Endoscopic retrograde cholangiopancreatography-related perforations: Diagnosis and management

Abstract

Endoscopic retrograde cholangiopancreatography (ERCP) has become an important therapeutic modality for biliary and pancreatic disorders. Perforation is one of the most feared complications of ERCP and endoscopic sphincterotomy. A MEDLINE search was performed from 2000-2014 using the keywords “perforation”, “ERCP” and “endoscopic sphincterotomy”. All articles including more than nine cases were reviewed. The incidence of ERCP-related perforations was low (0.39%, 95%CI: 0.34-0.69) with an associated mortality of 7.8% (95%CI: 3.80-13.07). Endoscopic sphincterotomy was responsible for 41% of perforations, insertion and manipulations of the endoscope for 26%, guidewires for 15%, dilation of strictures for 3%, other instruments for 4%, stent insertion or migration for 2% and in 7% of cases the etiology was unknown. The diagnosis was made during ERCP in 73% of cases. The mechanism, site and extent of injury, suggested by clinical and radiographic findings, should guide towards operative or non-operative management. In type I perforations early surgical repair is indicated, unless endoscopic closure can be achieved. Patients with type II perforations should be treated initially non-operatively. Non-operative treatment includes biliary stenting, fasting, intravenous fluid resuscitation, nasogastric drainage, broad spectrum antibiotics, percutaneous drainage of fluid collections. Non-operative treatment was successful in 79% of patients with type II injuries, with an overall mortality of 9.4%. Non-operative treatment was sufficient in all patients with type III injuries. Surgical technique depends on timing, site and size of defect and clinical condition of the patient.
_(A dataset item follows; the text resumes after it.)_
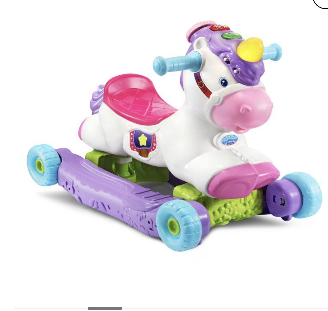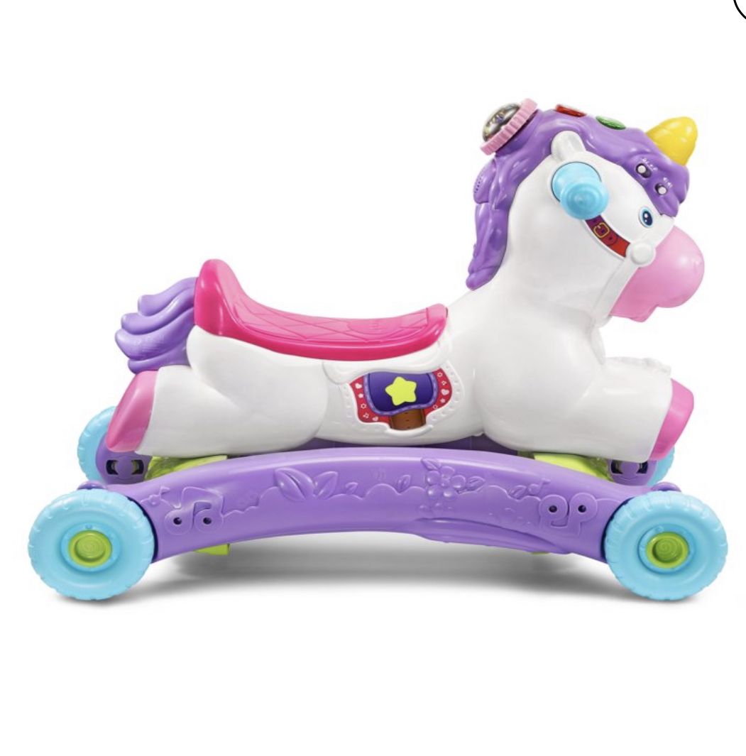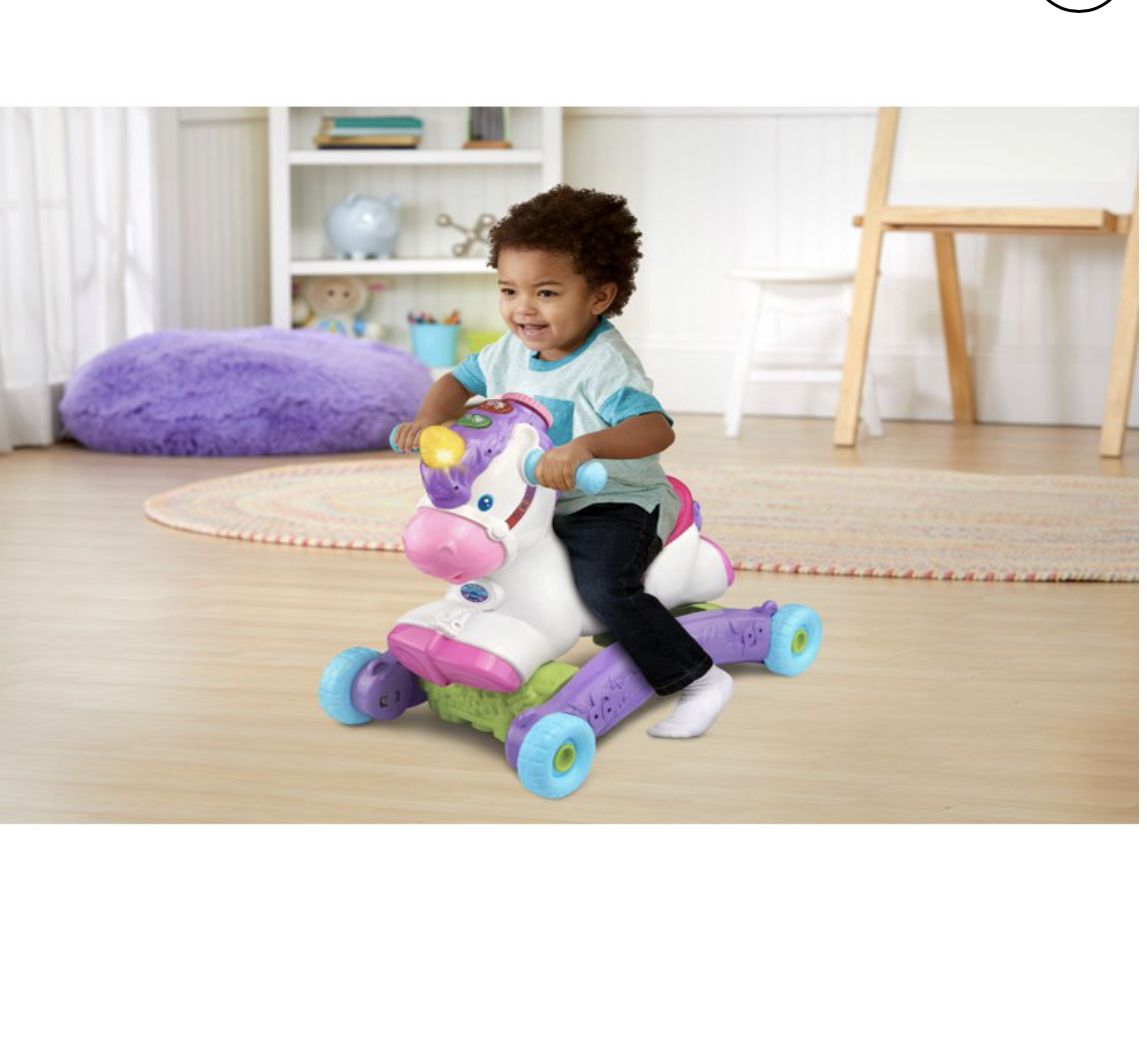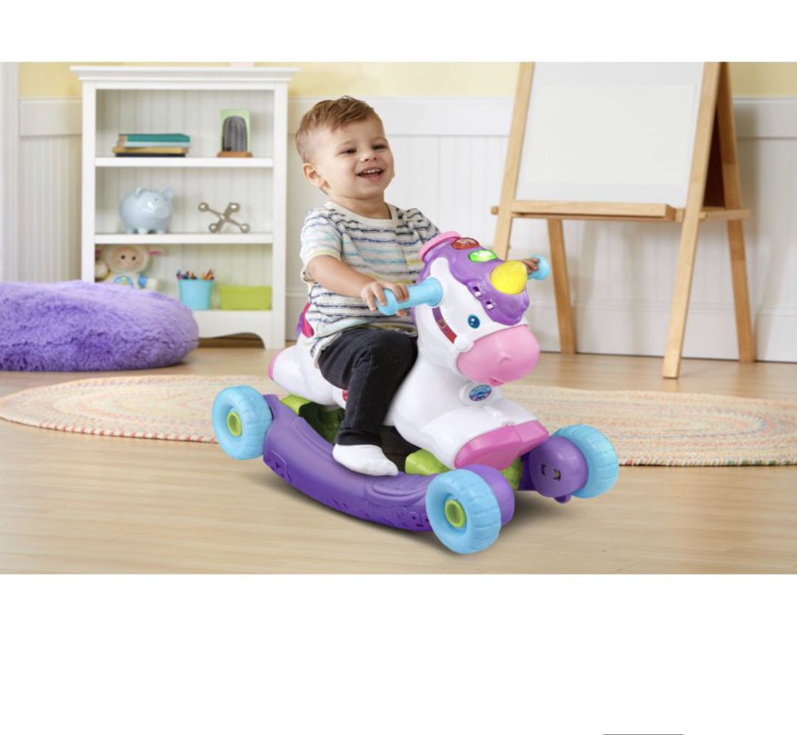 Go on a magical ride on a prance and Rock Learning unicorn!This grow -with me unicorn transforms a rocker to a ride on in seconds. As toddlers Rock and ride. The built in sensors respond with playful music and magical unicorn sounds to encourage gross-motor development and imagination.Intended for ages 12-36 months.Requires 2 AAA batteries.Battery included for dem purposes only. New battery recommended for regular use

In conclusion, diagnosis is based on clinical suspicion and clinical and radiographic findings. Whilst surgery is usually indicated in patients with type I injuries, patients with type II or III injuries should be treated initially non-operatively. A minority of them will finally require surgical intervention.
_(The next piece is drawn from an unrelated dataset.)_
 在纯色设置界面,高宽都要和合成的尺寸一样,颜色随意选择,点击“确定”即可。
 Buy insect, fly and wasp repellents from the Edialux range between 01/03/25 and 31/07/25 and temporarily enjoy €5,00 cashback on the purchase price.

Key Words: Endoscopic retrograde cholangiopancreatography; Endoscopic sphincterotomy; Perforation

Core tip: Perforation is one of the most feared complications of endoscopic retrograde cholangiopancreatography (ERCP) and endoscopic sphincterotomy. The incidence of ERCP-related perforations is low (0.39%) with an associated mortality of 7.8%. Endoscopic sphincterotomy is responsible for 41% of perforations and endoscope manipulations for 26%. The mechanism, site and extent of injury, suggested by clinical and radiographic findings, should guide towards operative or non-operative management. Classification into types permits a tailored approach to management. Whilst surgery is usually indicated in patients with type I injuries, patients with type II or III injuries should be treated initially non-operatively. A minority of them will finally require surgical intervention.

INTRODUCTION

In the era of minimally invasive therapy, endoscopic retrograde cholangiopancreatography (ERCP) with endoscopic sphincterotomy has become an important therapeutic modality for the treatment of biliary and pancreatic disorders. Although considered as a safe procedure, it is associated with complications such as pancreatitis, bleeding and perforation. The incidence of ERCP-related complications is 5%-10% and the overall mortality 0.1%-1%[1-5].

Perforation is one of the most feared complications of ERCP and sphincterotomy. In a review of 21 prospective studies[6], addressing ERCP complications, between 1987-2003, perforations occurred in 101 patients (0.6%, 95%CI: 0.48-0.72) with a perforation related mortality of 9.90% (95%CI: 3.96-15.84).

Traditionally, the standard treatment for iatrogenic duodenal perforations has been early surgical repair. Recently, non operative management of ERCP-related perforations has increased. However, it is difficult to evaluate the efficacy of different treatments, because of the rarity of the complication and there is no consensus for optimal management.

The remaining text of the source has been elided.